Problem requirements
Retype exactly what appears below from the line containing "Get the free" down to the line containing "This tattoo features", keeping both end lines. Do not include pictures.

Material shown
▼

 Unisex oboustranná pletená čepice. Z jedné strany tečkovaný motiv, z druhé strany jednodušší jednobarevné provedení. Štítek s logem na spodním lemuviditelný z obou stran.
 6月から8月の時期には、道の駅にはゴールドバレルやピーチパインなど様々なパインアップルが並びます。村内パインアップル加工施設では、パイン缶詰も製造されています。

▲
▼

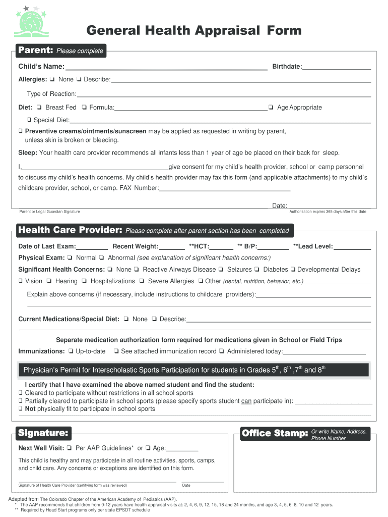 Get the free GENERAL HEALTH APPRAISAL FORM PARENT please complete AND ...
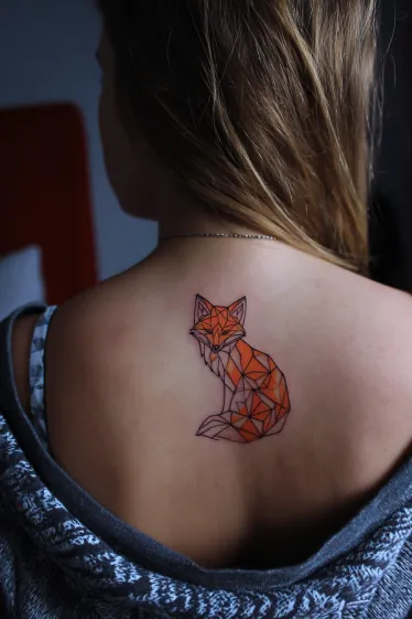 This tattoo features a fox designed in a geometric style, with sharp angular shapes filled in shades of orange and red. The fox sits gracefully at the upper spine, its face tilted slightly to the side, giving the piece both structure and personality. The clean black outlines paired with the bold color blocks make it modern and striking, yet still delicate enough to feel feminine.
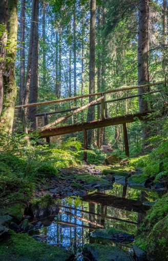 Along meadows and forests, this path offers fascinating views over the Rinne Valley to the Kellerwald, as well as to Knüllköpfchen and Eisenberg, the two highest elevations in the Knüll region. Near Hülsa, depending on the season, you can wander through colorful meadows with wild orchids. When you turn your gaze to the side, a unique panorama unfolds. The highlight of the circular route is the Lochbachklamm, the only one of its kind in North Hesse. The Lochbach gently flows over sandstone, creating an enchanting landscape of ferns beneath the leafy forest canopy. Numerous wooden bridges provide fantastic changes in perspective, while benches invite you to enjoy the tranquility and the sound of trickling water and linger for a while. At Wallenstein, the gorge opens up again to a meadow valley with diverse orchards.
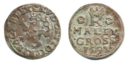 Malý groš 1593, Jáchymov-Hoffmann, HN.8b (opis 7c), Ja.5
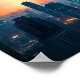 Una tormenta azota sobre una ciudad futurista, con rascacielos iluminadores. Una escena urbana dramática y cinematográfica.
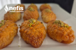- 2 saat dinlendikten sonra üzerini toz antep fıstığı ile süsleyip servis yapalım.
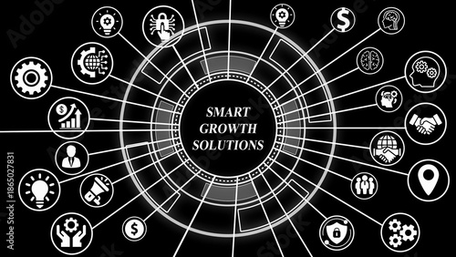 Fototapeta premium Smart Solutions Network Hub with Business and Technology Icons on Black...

▲

Exercise output
 Get the free GENERAL HEALTH APPRAISAL FORM PARENT please complete AND ...
 This tattoo features a fox designed in a geometric style, with sharp angular shapes filled in shades of orange and red. The fox sits gracefully at the upper spine, its face tilted slightly to the side, giving the piece both structure and personality. The clean black outlines paired with the bold color blocks make it modern and striking, yet still delicate enough to feel feminine.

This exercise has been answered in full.